My hope is that I can receive the output anyway and sort it later on. Let's try

Image description

Ok, quite decent result!

Deployment

Let's run cargo lambda build -r

Image description

ooops.

Ok, it is a very common issue. The solution is not to use openssl, or to add openssl as a package with a vendored flag.
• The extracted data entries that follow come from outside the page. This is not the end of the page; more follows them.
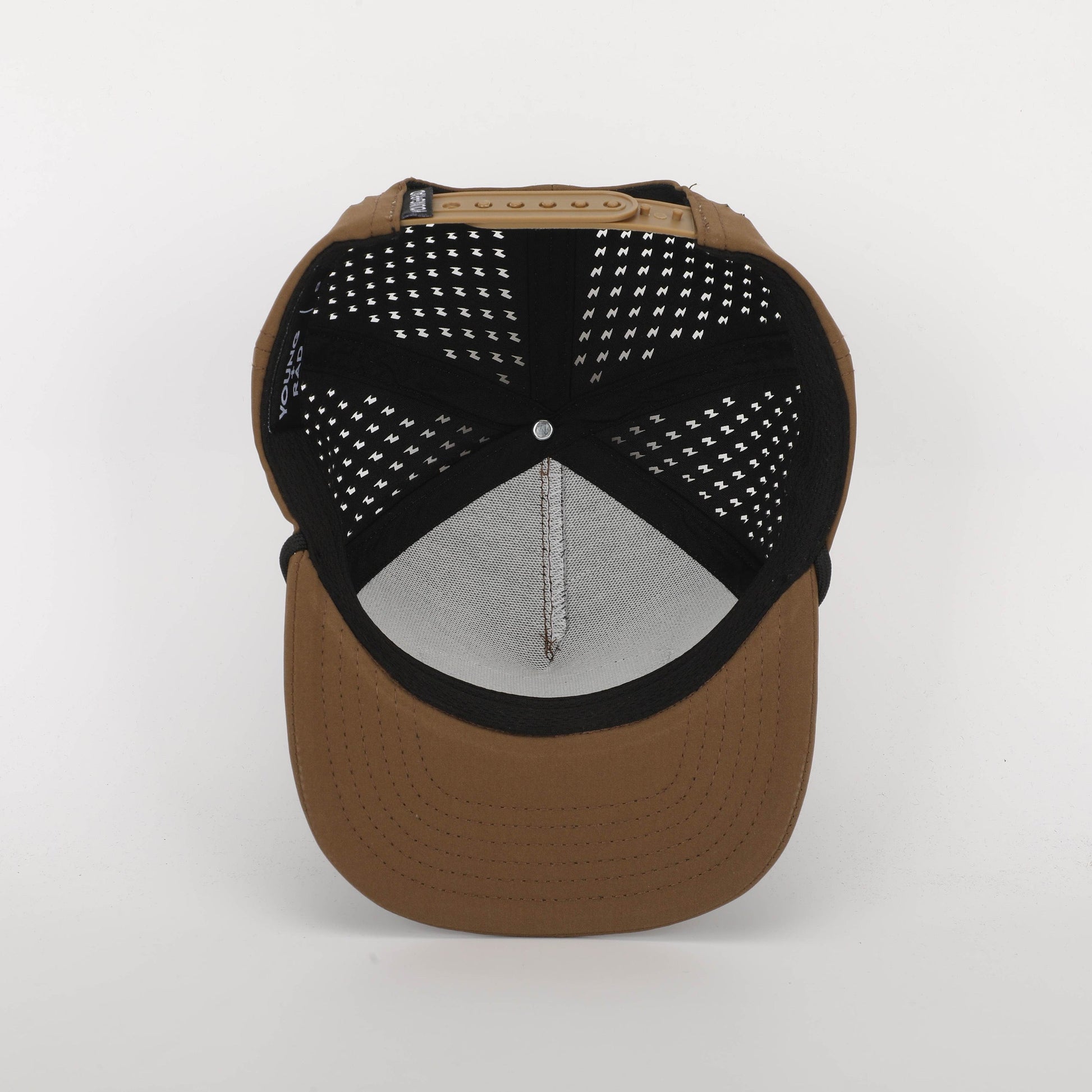 Crown: Hydrophobic coated crown panels with lightning bolt laser cut side and rear panels for all day comfort and breathability.
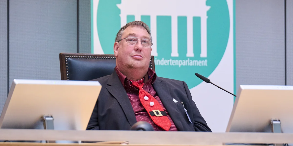 Ein solches Kleidungsstück wurde auf der Präsidiumsbank des Abgeordnetenhauses vermutlich noch nie gesichtet: Christian Specht, Initiator des Berliner Behindertenparlaments und dessen Präsident bei der Sitzung am Samstag, trug eine Weihnachtsmann-Krawatte. Festlich zumute war dem altgedienten Aktivisten auf jeden Fall, denn er hatte 2018 den Anstoß dazu gegeben, das in Bremen entwickelte Format an die Spree zu holen. Nun wurde sein unermüdliches Netzwerken von Erfolg gekrönt.
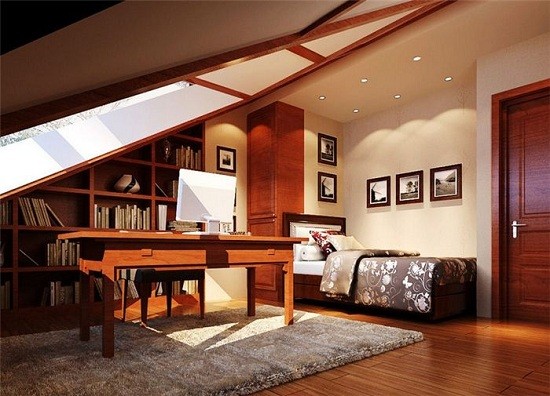 閣樓是整個家居裝修設計一個較特殊的室內空間,通常情況下的閣樓具有低矮和不規則等特點,所以,在設計過程中需要通盤考慮,比如樓梯口不要設計在斜頂下,墻與地板交界的三角區域,可以放上開放式隔架,做成儲物空間等。
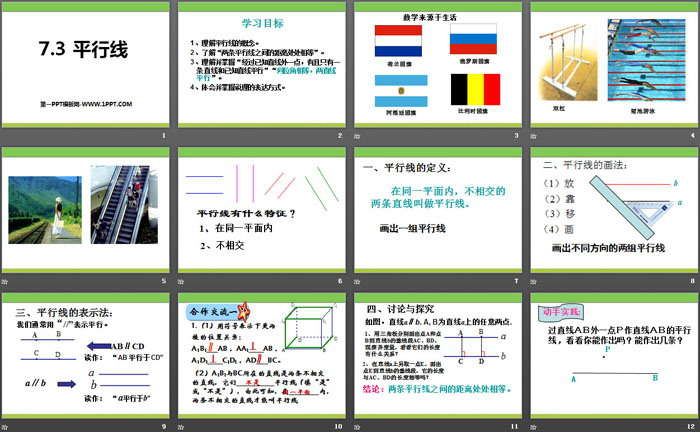 1、理解平行线的概念。

Sometimes, the second option is the only one if a library you are using doesn't let you differ from nativetls. Luckily, the current version of rig allows us to use reqwest-rustls flag. After checking the default flags in dosc, I see that I also need to disable default features to get rid of the default reqwest version. Here is the final Cargo.toml for my screenplay library

[package]
name = "screenplay"
version = "0.1.0"
edition = "2021"

[dependencies]
rig-core = { version = "0.10.0", features = ["reqwest-rustls"], default-features = false }
schemars = { version = "1.0.0-alpha.17", features = ["schemars_derive"] }
serde = { version = "1.0.219", features = ["derive"] }
serde_json = "1.0.140"

Now build should work seamlessly

For small POC and prototyping, cargo lambda deployment works great. I define timeout and env properties in the handler's Cargo.toml

[package]
name = "screenplay_handler"
version = "0.1.0"
edition = "2021"

[dependencies]
lambda_http = "0.13.0"

tokio = { version = "1", features = ["macros"] }
screenplay = { path = "../screenplay" }
serde = "1.0.219"
serde_json = "1.0.140"

[package.metadata.lambda.deploy]
timeout = 120
env_file = ".env"

and run

cargo lambda deploy --enable-function-url

Now I have a URL to test the function

Testing

I use Bruno to test my function

Image description

Looks good!

Summary

In this blog, I created a simple Lambda Function that calls OpenAI API and uses response_format to make sure that the result has an expected shape. The rich Rust's ecosystem, including serde and schemars makes it easy to create a typesafe bridge between LLM's answer and our system.

Having the typesafe output from LLM simplifies the pipeline and allows seamless utilization. It also allows estimating tokens' usage more precisely, as no additional steps for formatting text are needed.